START Data excerpts

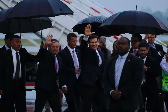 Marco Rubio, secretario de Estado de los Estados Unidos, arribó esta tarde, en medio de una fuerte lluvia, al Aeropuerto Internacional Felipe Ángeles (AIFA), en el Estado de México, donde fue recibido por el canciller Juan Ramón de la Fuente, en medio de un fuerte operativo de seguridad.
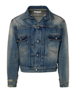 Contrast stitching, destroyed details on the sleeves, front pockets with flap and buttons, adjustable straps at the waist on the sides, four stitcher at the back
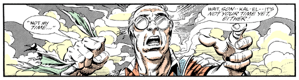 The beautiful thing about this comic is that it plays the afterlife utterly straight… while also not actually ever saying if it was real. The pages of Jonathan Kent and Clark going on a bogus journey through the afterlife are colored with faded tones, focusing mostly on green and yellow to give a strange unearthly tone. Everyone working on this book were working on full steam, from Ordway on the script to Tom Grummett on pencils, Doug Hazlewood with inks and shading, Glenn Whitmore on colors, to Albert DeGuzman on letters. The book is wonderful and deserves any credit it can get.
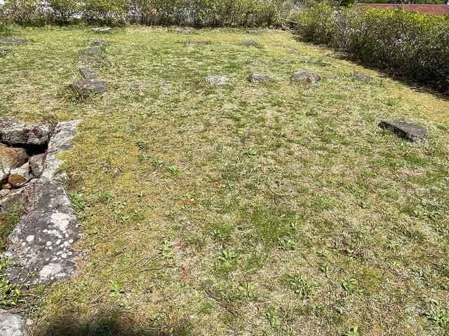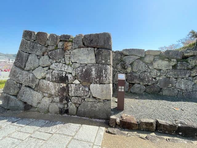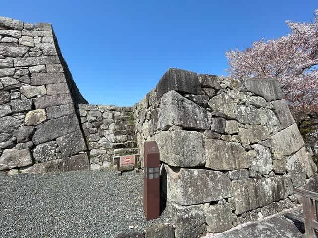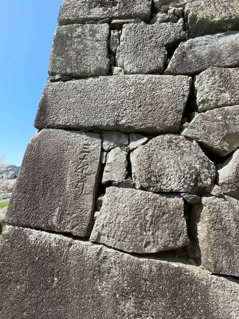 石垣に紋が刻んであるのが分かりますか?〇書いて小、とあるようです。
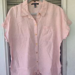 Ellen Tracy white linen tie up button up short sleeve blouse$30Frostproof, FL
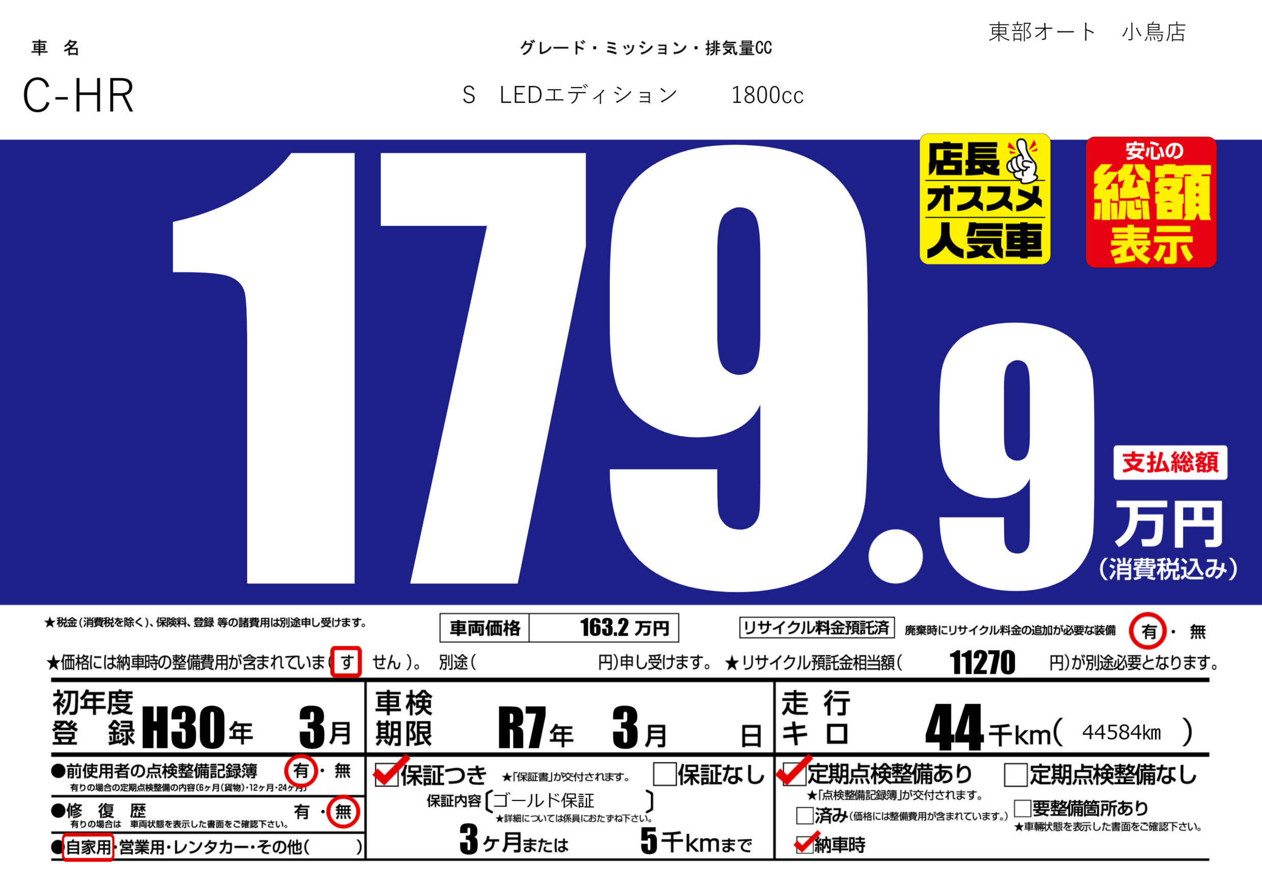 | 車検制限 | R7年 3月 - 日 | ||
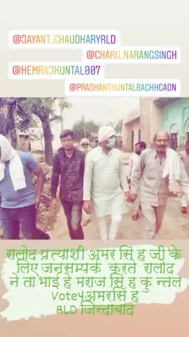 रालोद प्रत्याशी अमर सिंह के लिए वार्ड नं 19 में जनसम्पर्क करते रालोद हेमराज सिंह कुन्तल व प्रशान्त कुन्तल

END Data excerpts

Pictures should be omitted. Please return exactly the lines from the line that holds "石垣に紋が刻んであるのが分かりますか?〇書いて小、とあるようです。" through the end of the records.

» **Result for this exercise**
 石垣に紋が刻んであるのが分かりますか?〇書いて小、とあるようです。
 Ellen Tracy white linen tie up button up short sleeve blouse$30Frostproof, FL
 | 車検制限 | R7年 3月 - 日 | ||
 रालोद प्रत्याशी अमर सिंह के लिए वार्ड नं 19 में जनसम्पर्क करते रालोद हेमराज सिंह कुन्तल व प्रशान्त कुन्तल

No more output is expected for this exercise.